Select Page

Two University of Nizwa students meet a calf during a tour of Circle H Dairy during the Omani contingent's four-week program at UW Oshkosh. The program concluded July 21. Photo: UW Oshkosh College of Business.

As a carton of celebratory ice cream chilled on a table in the lower level of Taylor Hall on a steamy July 20 afternoon, a short ceremony of parting pleasantries ensued. Drew Kopitzke got up to say a few words.

The assistant residence hall director with the University of Wisconsin Oshkosh’s Gruenhagen Conference Center reflected on his first meeting with the contingent of visiting students and staff from University of Nizwa in Oman. Kopitzke shared how, amid the formal welcomes and handshakes upon the group’s early July arrival at UW Oshkosh, he found himself at a loss for words as a student pointed out his resemblance to a brawny, professional wrestler.

“He said, ‘Man, you look like John Cena,’” Kopitzke said, triggering a small eruption of laughter at the farewell gathering.

Chances are John Cena’s Arabic isn’t as sharp as Drew Kopitzke’s. The latter’s elegant mastery of a few basic phrases was just one of the cross-cultural bonuses that came courtesy of “Global Horizons.” Seven-year-old University of Nizwa developed its academic and cultural immersion program to bring Omani students to UW Oshkosh for the first time in the two institutions’ long relationship.

“I hope I can be as good an ambassador for America as you have been (for Oman) here,” Kopitzke said, promising his guests he’d reciprocate their kindness upon a future visit to their country.

Twelve students and three academic staff members from University of Nizwa concluded their four-week program at UW Oshkosh on July 21. The program featured UW Oshkosh-facilitated studies in business, accounting and marketing, opportunities to see the backstage nuances of regional agricultural and manufacturing operations and excursions to all-American staples such as baseball games.

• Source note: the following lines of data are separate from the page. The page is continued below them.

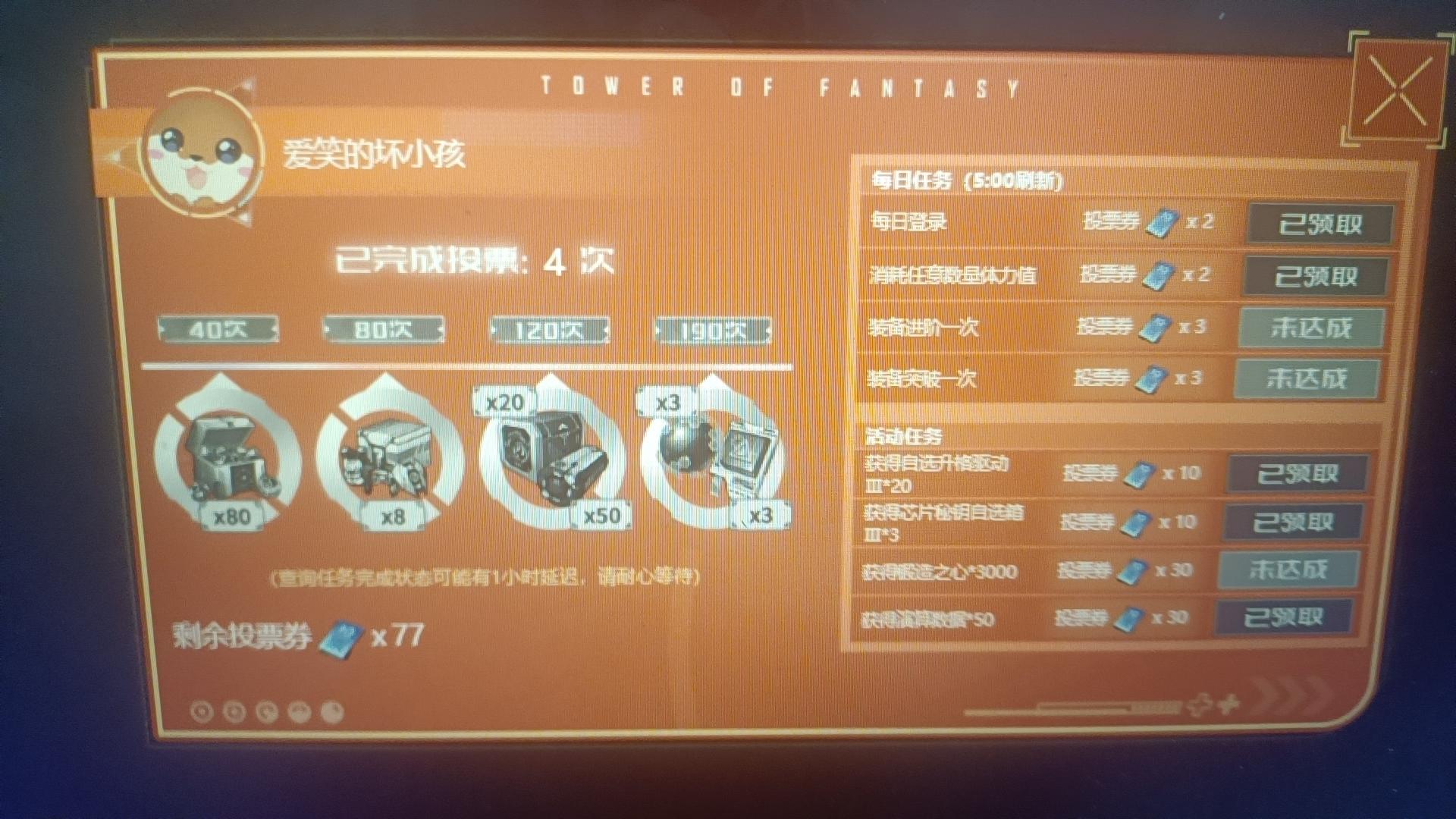 这个装备突破和进化,怎么搞都完成不了,玩个毛线,投票也只能一张张投,还做啥呀。拉倒吧,垃圾玩意
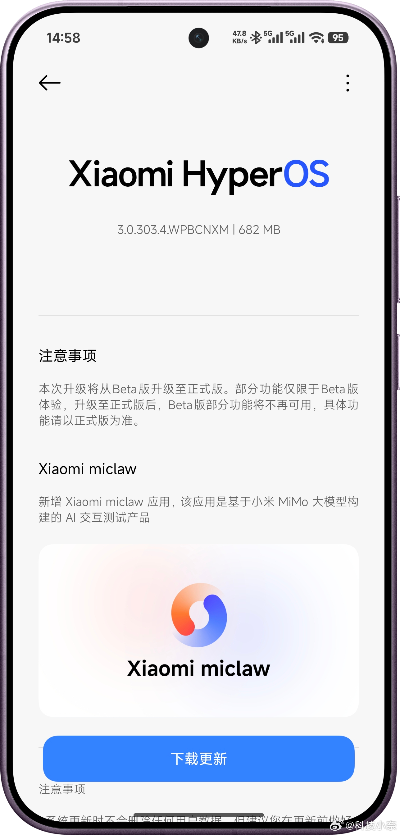 小米miclaw开启封测基于小米MiMo大模型构建的Xiaomi miclaw开启封测,我的小米17 Pro Max冷烟紫16+1T已经吃上小米龙虾了,叫我先来帮大家试试看到底咋样~
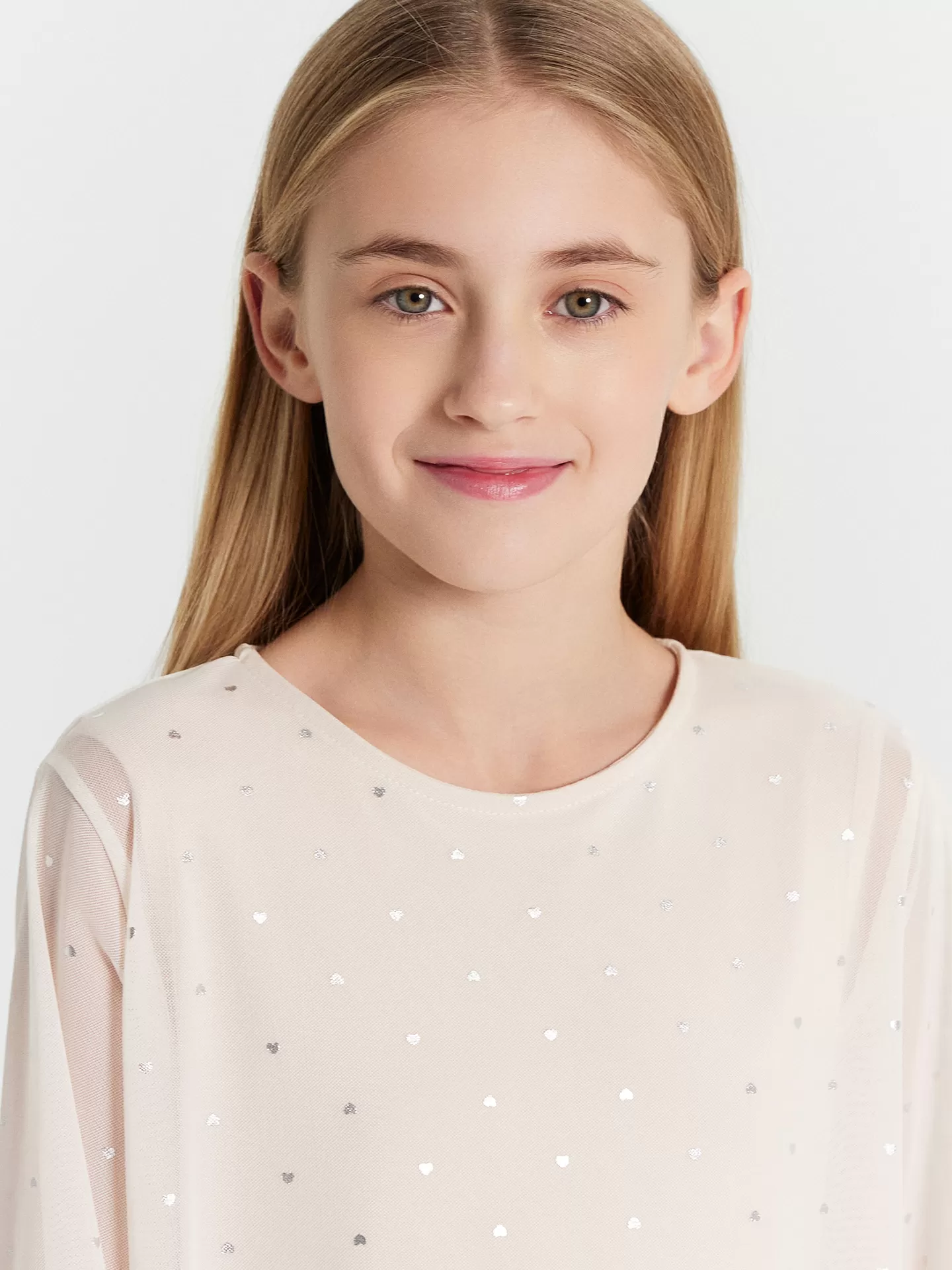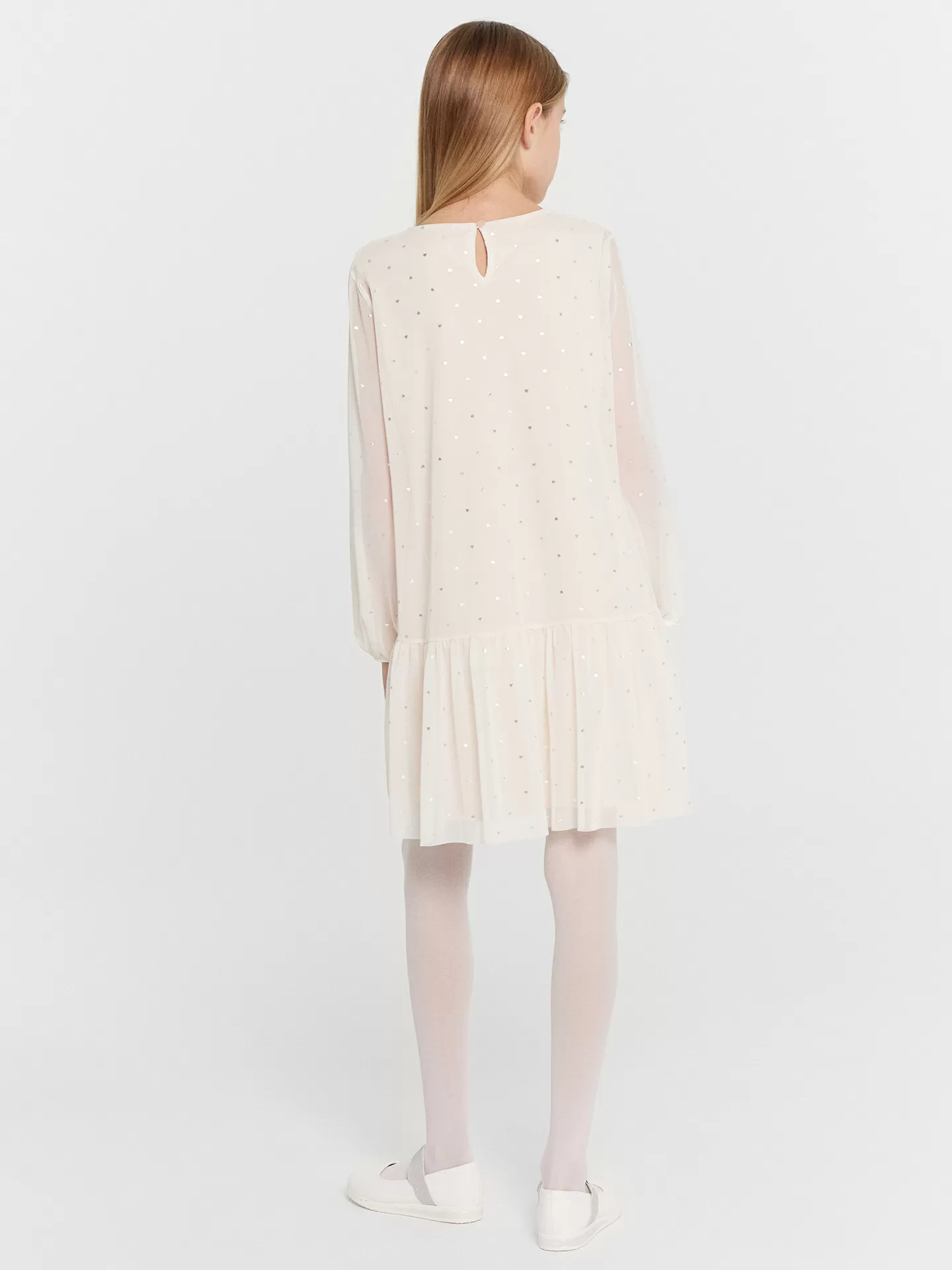 Нарядное платье А-образного силуэта для девочек. Изготовлено из полупрозрачной воздушной сетки с подкладкой из хлопковой кулирки. Вырез круглый, классический. На спинке застегивается на пуговицу. Рукава объемные, длинные. Отличный вариант для утренников и праздников!
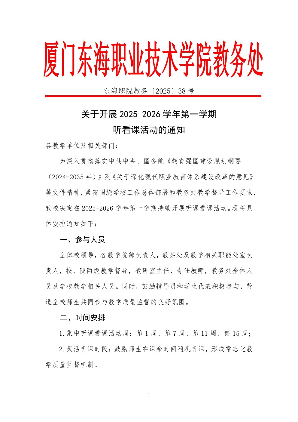 东海职院教务〔2025〕38号关于开展2025-2026学年第一学期听看课活动的通知
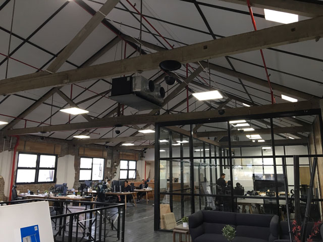 However, where there is a warehouse or other minimalist fit out, adding physical acoustic treatments ruins the aesthetics of the space. In the case of weploy, the warehouse aesthetic and minimalist glass sheet design of the offices would be compromised.

Dr. Abdallah Omezzine, dean of the College of Economics, Management and Information Systems and acting vice president for Graduate Studies, Research & International Relations at the University of Nizwa, joined the students on their last couple of days at UW Oshkosh.

Omezzine said his 7,000-student university’s growth and the success of the Global Horizons’ collaboration with UW Oshkosh will assuredly bring more students the campus’s way in years to come.

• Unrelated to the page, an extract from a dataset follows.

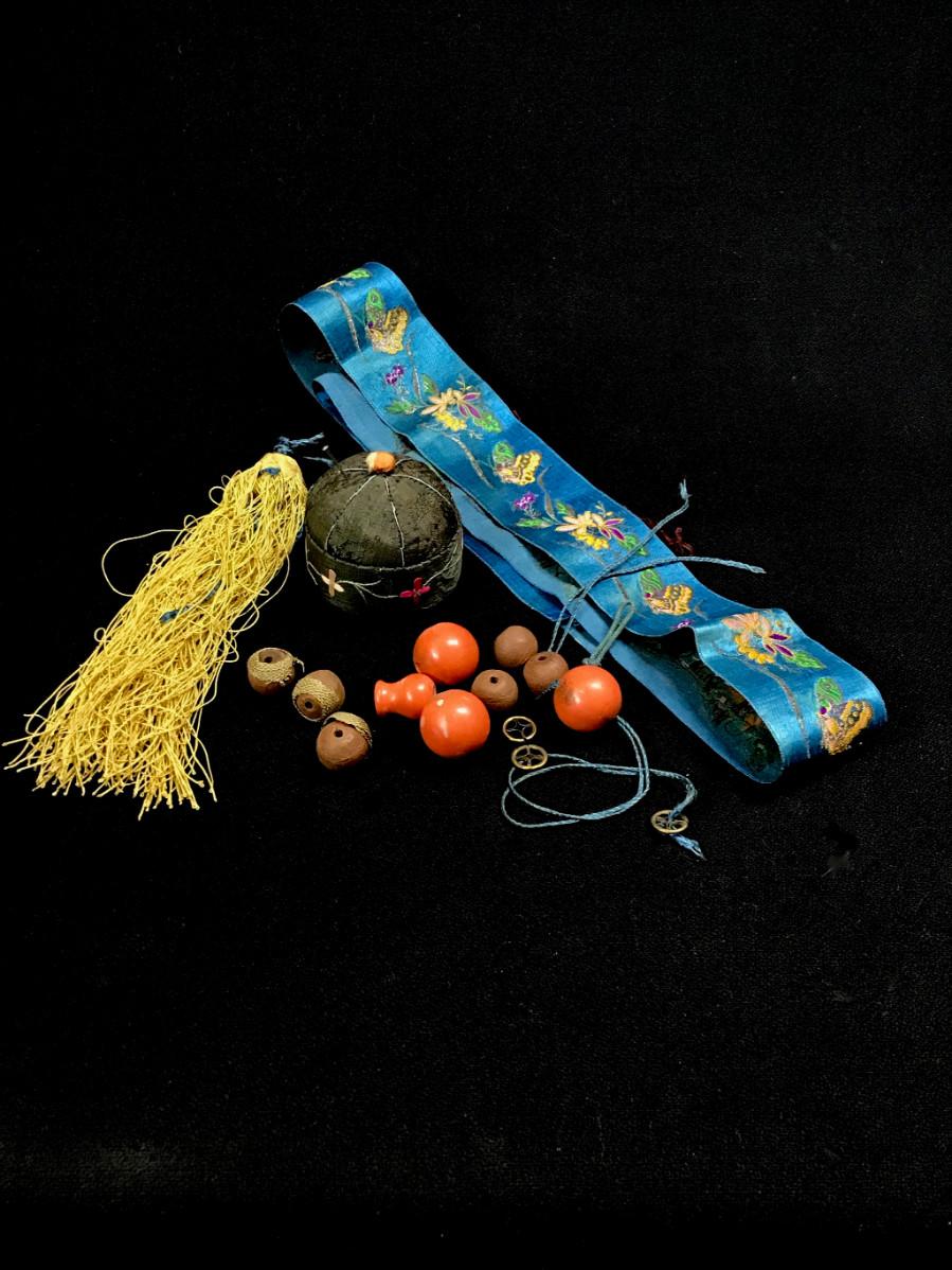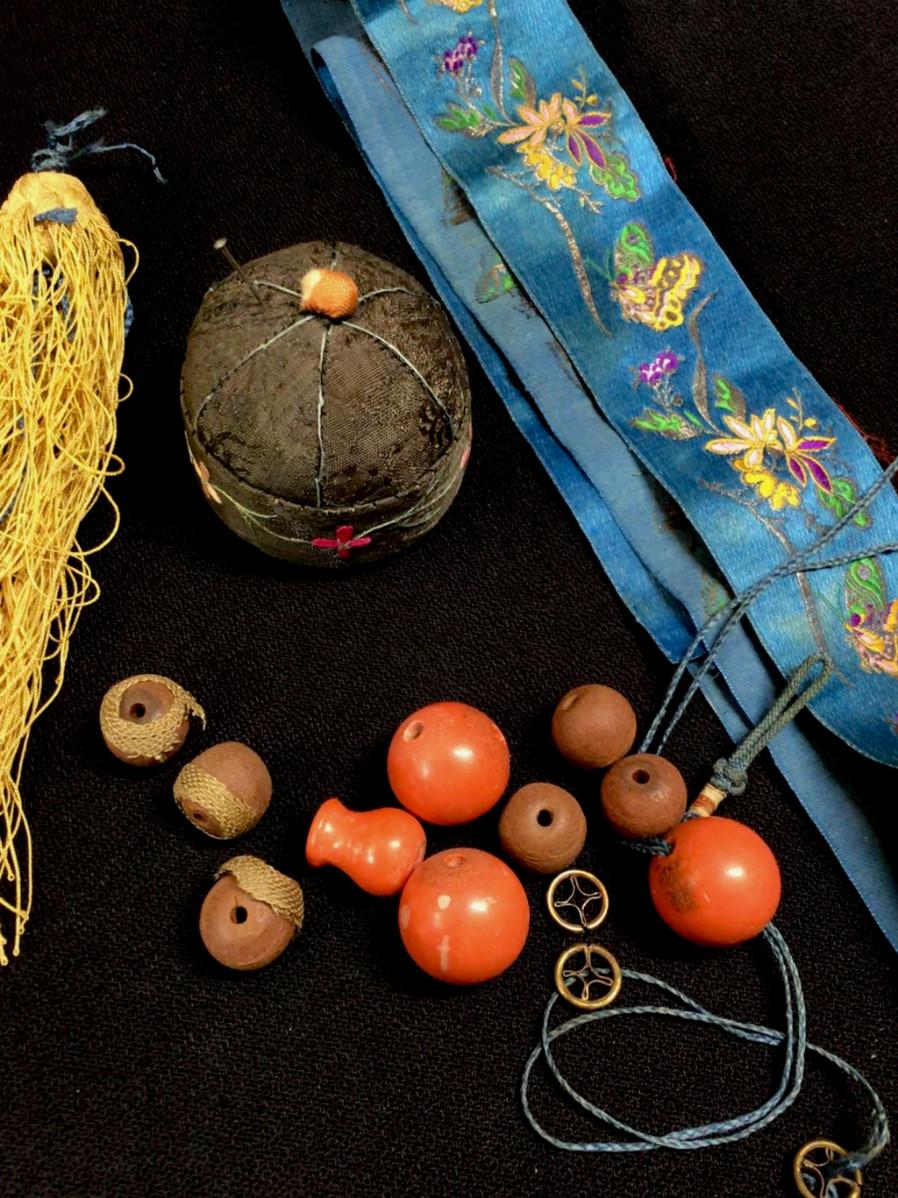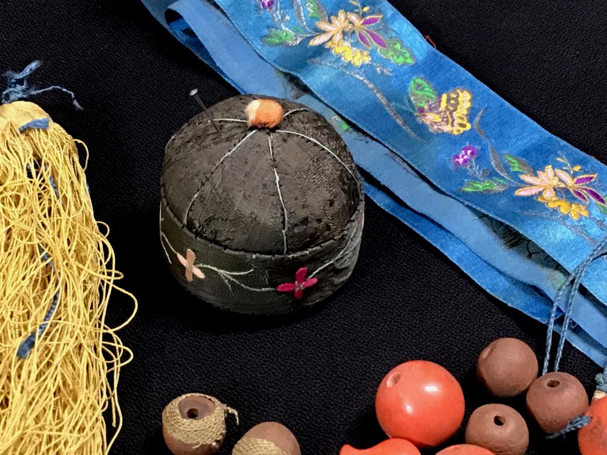 DESCRIPTION: This mixed lot of items is made up of composite and wooden beads with spacers and a yellow silk tassel that appear to be part of a Mandarin hat. The length of blue silk ribbon is worked the whole length with finely rendered flowers and butterflies. The pin cushion, which is shaped like a Chinese cap, is composed of silk, hand embroidered with a blossom border.

“This has given us motivation with our partners here to plan for next year,” Omezzine said.

Separated by thousands of miles, the two universities long-lasting relationship quickly formed in the mid-1990s when then-UW Oshkosh Chancellor John Kerrigan served as a U.S. higher-education consultant for the Sultanate of Oman. From Kerrigan’s visits, conversations developed about the development a university in Nizwa, Oman. Discussions between UW Oshkosh faculty and Omani counterparts continued and evolved into full-fledged development plans. With funding and governmental support, University of Nizwa opened in 2004, and a permanent, entirely new campus is now being constructed about five miles outside of the city.

In the seven years University of Nizwa has existed, its enrollment has ballooned to 7,000 students, on pace to surpass 10,000 when the new campus is to open in the next couple of years.

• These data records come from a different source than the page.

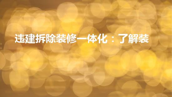 总之,违建拆除装修一体化服务将成为建筑行业未来的一个重要发展方向。这种服务不仅可以解决违章建筑问题,也可以为城市建设与发展作出更大的贡献。对此,企业应该切实履行社会责任,依法合规,适当降低拆除和修缮的成本,并增强其效益,同时确保环保和安全等核心问题得到妥善解决。最终,通过违建拆除装修一体化服务,我们可以实现城市建设的可持续发展,为人民提供更好的生活环境和生产条件。
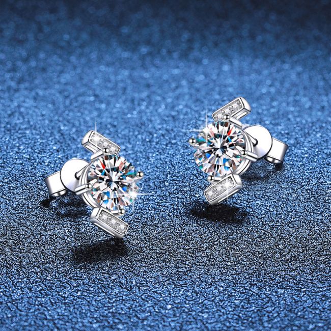 Earrings Sterling Silver Geometric Four Prong Moissanite Stud Earrings with Round Brilliant Cut Stones
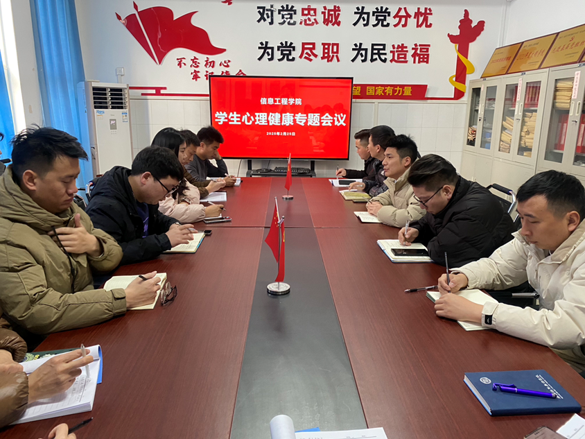 为持续关注学生心理健康工作,做好学期初心理健康普查工作,2月25日,信息工程开元平台(中国)科技公司召开2025年春季学期学生心理健康专题会议。信息工程开元平台(中国)科技公司学工办主任钱誉,学工办副主任邢汝昊,阳光心理辅导站长郭金及全体辅导员参加会议。
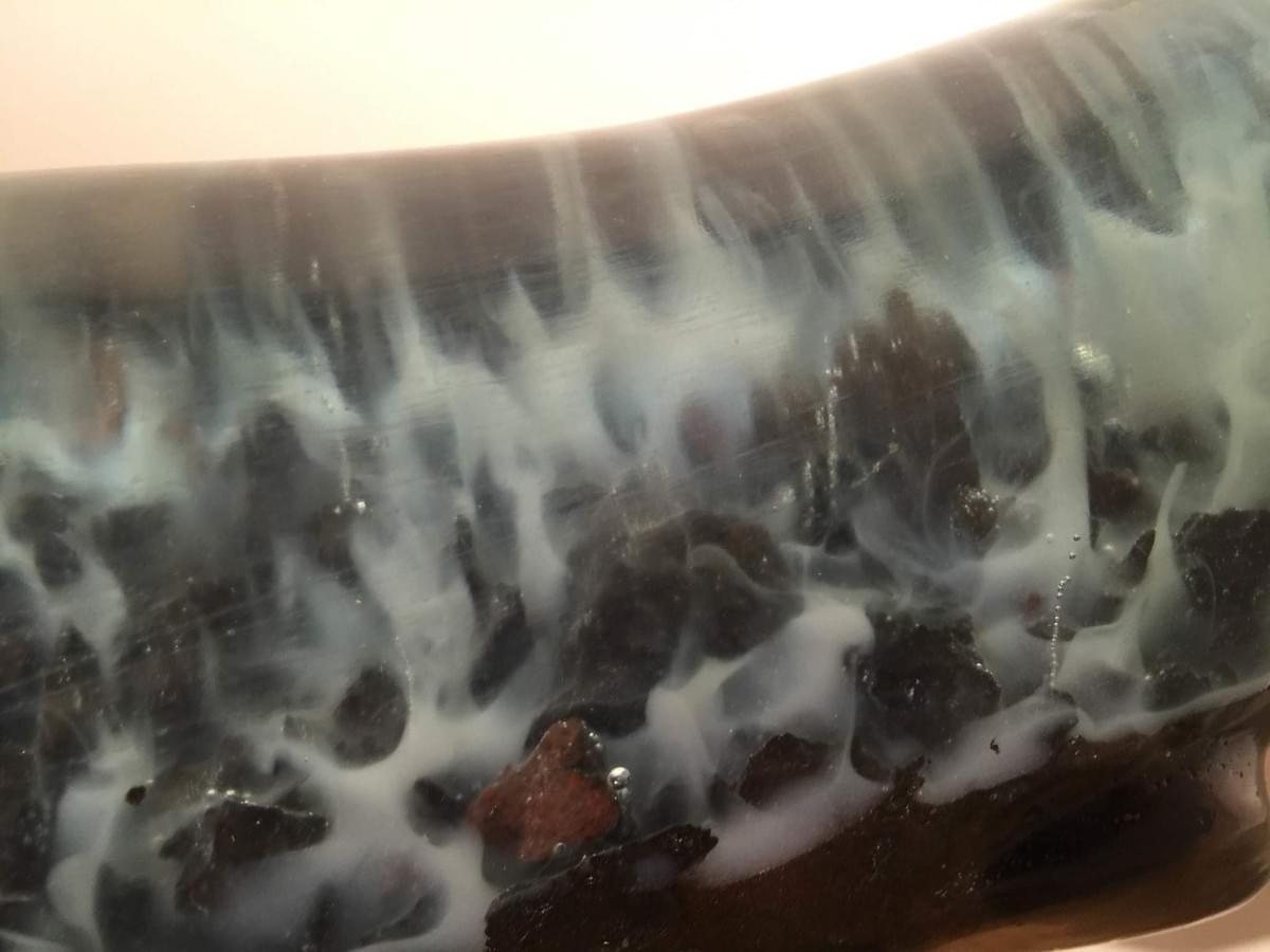 クジラは大海を自由に回遊するが、陸地に近づき過ぎると座礁し息絶えてしまう。この有様を自ら輪廻を抜け出せない魂の器に見立て、六頭のクジラの内部に六道輪廻の世界観を表現した。

The relationship between the two institutions has given UW Oshkosh faculty and staff opportunities to travel to the country on the tip of the Arabian peninsula and help develop organizational and academic strategic plans and curricula at University of Nizwa. This year, the relationship fostered the first trip by Omani students to UW Oshkosh.

“We told (the students) America is not something you see on TV or in the movies,” Omezzine said, emphasizing the value of getting students more deeply immersed in Midwest American culture.

He said students were advised that the often overwhelming environments of major U.S. cities “may not be as informative about the American lifestyle.”

Conversely, UW Oshkosh faculty, staff and students benefited from the opportunity to directly learn from student ambassadors from a part the Middle East that may not regularly receive international spotlight, especially in a year dominated by images and headlines chronicling political upheaval in other nations around the region.

Omezzine said there were some calls this year for social and economic reforms in Oman. The mutual reverence between its Sultan and citizens led to swift 21st Century change from leaders, but not at the expense of the country’s treasured heritage.

“Oman is really blessed with a leader who has a vision for Oman, who has a purpose for the country and a vision for the future being the modernization and a preservation of the culture,” he said.

Global Horizon’s UW Oshkosh hosts said that appreciation of modernity and tradition was manifest in the campus’s student guests.

“Every day seeing you as students has been a ray of sunshine,” said Marc Nylen, Director of Gruenhagen Conference Center, concluding the July 20 good-bye ice cream social.